Quanto aos ativos virtuais a transferência para:
(i) carteira com guarda (hosted wallet) do cliente alojada junto de entidade que exerça atividades com ativos virtuais ou entidade de natureza equivalente que, não se situando em país terceiro de risco elevado, comprovadamente aplique medidas de identificação e diligência similares às vigentes em Portugal (devendo ser feita referência ao motivo da transferência); ou
(ii) endereço auto-alojado (self-hosted address) que comprovadamente esteja sob o controlo efetivo do cliente, sempre que este não seja titular de carteiras com guarda (hosted wallet) que cumpram os requisitos referidos na subalínea anterior.
12. Dever de formação
Prevê-se que as entidades obrigadas tenham de definir e aplicar uma política formativa que vise assegurar um conhecimento pleno, permanente e atualizado sobre um conjunto especificamente previsto de matérias referentes à prevenção do BCFT. Adicionalmente, são ainda definidos requisitos relativos à formação a ministrar aos colaboradores recém-admitidos e aos registos a manter sobre as formações (artigo 48.º).
13. Notas finais
As soluções preconizadas pelo Aviso n.º 1/2023 entram vigor no próximo dia 15 de julho do corrente ano. Todavia, relativamente à comprovação de documentos, para efeitos da verificação da identificação das pessoas singulares, as entidades com ativos virtuais podem recorrer à videoconferência, enquanto procedimento alternativo de comprovação dos elementos identificativos, já partir de 24 de janeiro de 2023, devendo, para o efeito, dar cumprimento aos requisitos previstos no Anexo I ao referido Aviso.

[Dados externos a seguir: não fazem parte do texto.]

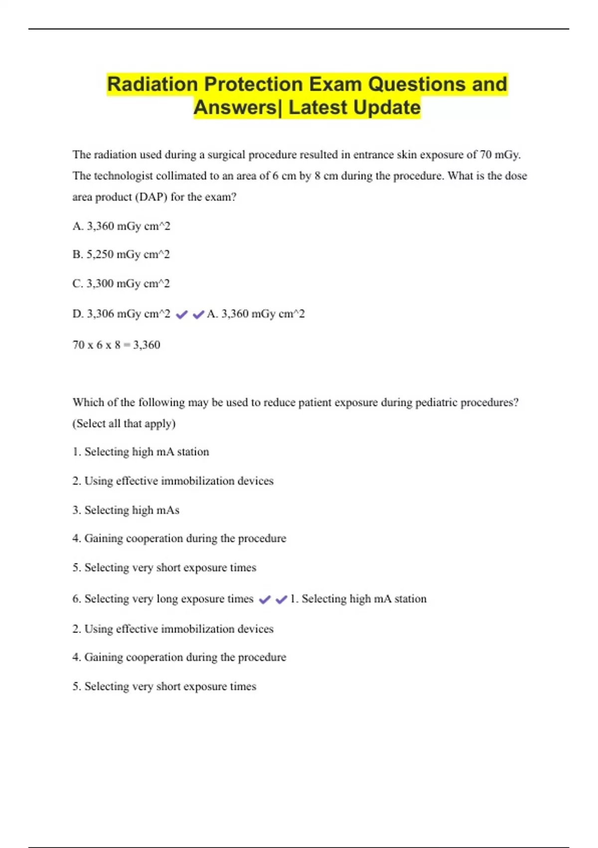 The radiation used during a surgical procedure resulted in entrance skin exposure of 70 mGy.
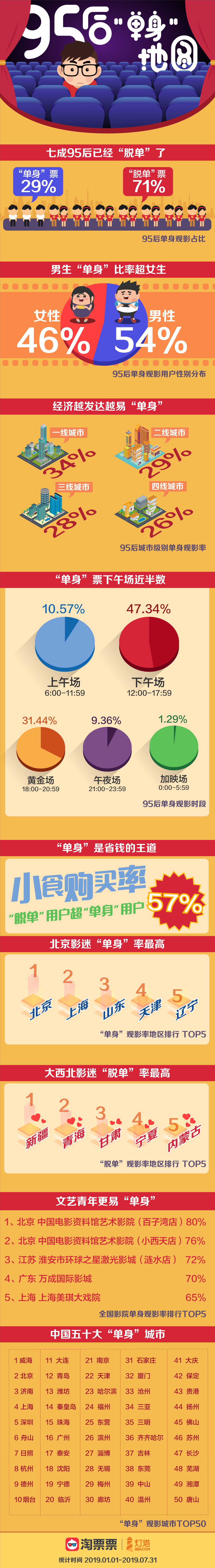 見(jiàn)圳客戶端·深圳新聞網(wǎng)2019年8月7日訊(見(jiàn)圳客戶端、深圳新聞網(wǎng)記者 陳婕)七成95后已經(jīng)“脫單”了、經(jīng)濟(jì)越發(fā)達(dá)地區(qū)“單身”率越高,北京、上海、山東成最“單身”地區(qū)……七夕來(lái)臨之際,用戶觀影決策平臺(tái)淘票票和燈塔專(zhuān)業(yè)版聯(lián)合發(fā)布了針對(duì)觀影人群的《95后“單身”地圖》,以“單身”觀影的維度,去側(cè)面觀察時(shí)下年輕人的情感狀態(tài)。
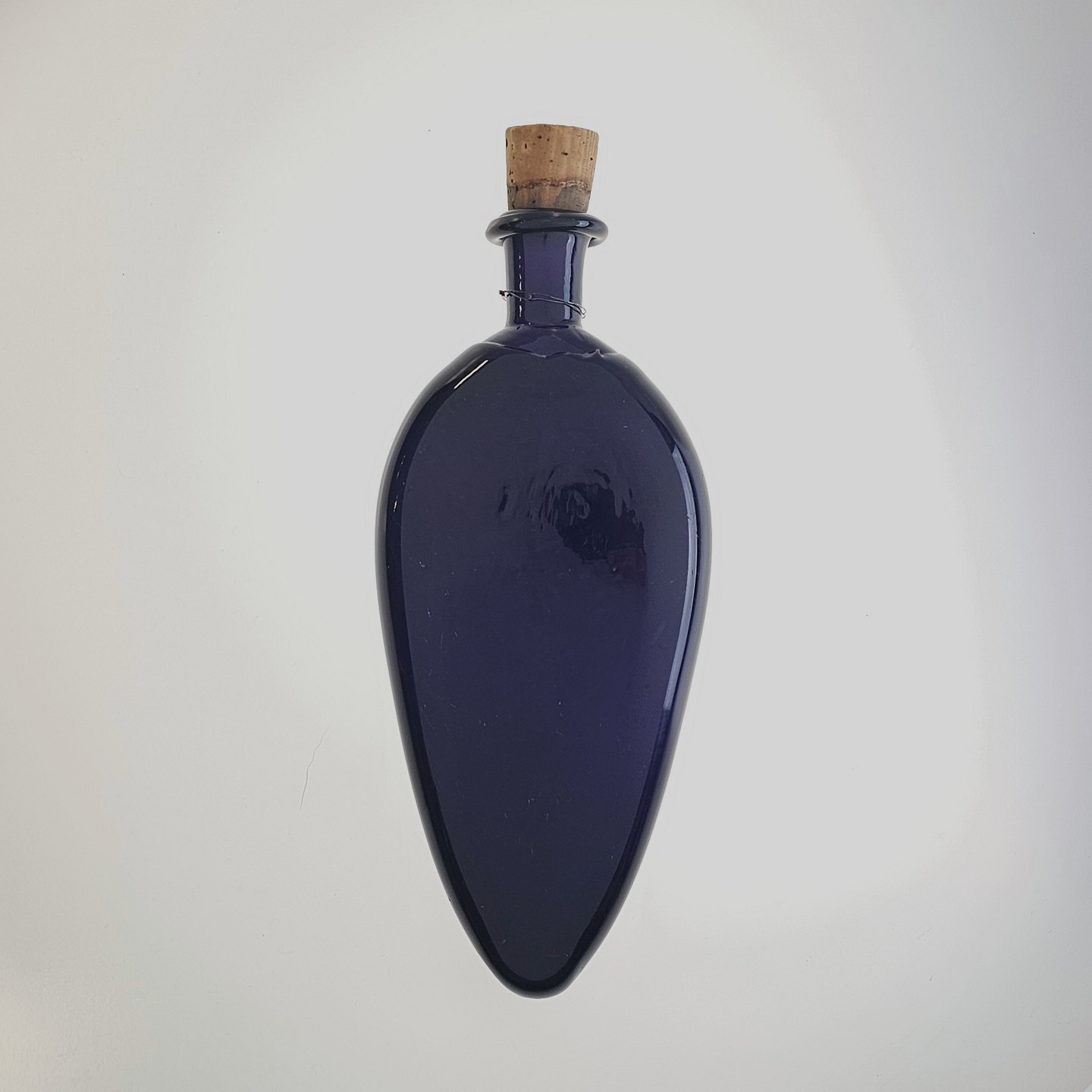 Håndblæst dråbeformet flaske i lilla glas med korkprop
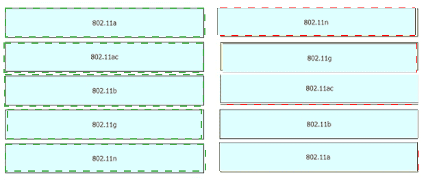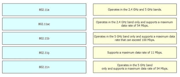 Drag and drop the 802.11 wireless standards from the left onto the matching statements on the right
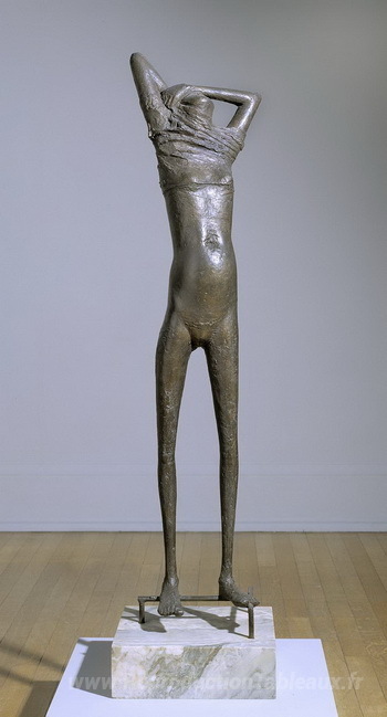 Nous vous proposons une reproduction artisanale sur toile du célèbre tableau 'Fille' de Reg Butler, provenant du Musée de la Reproduction.

Luísa Cabral Menezes | lcm@servulo.com
José Guilherme Gomes | jgg@servulo.com
[i] A Lei n.º 83/2017, de 18 de agosto, estabelece as medidas de natureza preventiva e repressiva de combate ao branqueamento de capitais e ao financiamento do terrorismo.
[ii] A Lei n.º 97/2017, de 23 de agosto, regula a aplicação e a execução de medidas restritivas aprovadas pela ONU ou pela UE e estabelece o regime sancionatório aplicável à violação destas medidas.
[iii] O Aviso n.º 1/2022 regulamenta também a Lei n.º 83/2017 e a Lei n.º 97/2017, mas no âmbito de atividade das entidades financeiras sujeitas à supervisão do Banco.
[iv] Todas as normas referidas sem indicação da respetiva fonte pertencem ao Aviso n.º 1/2023.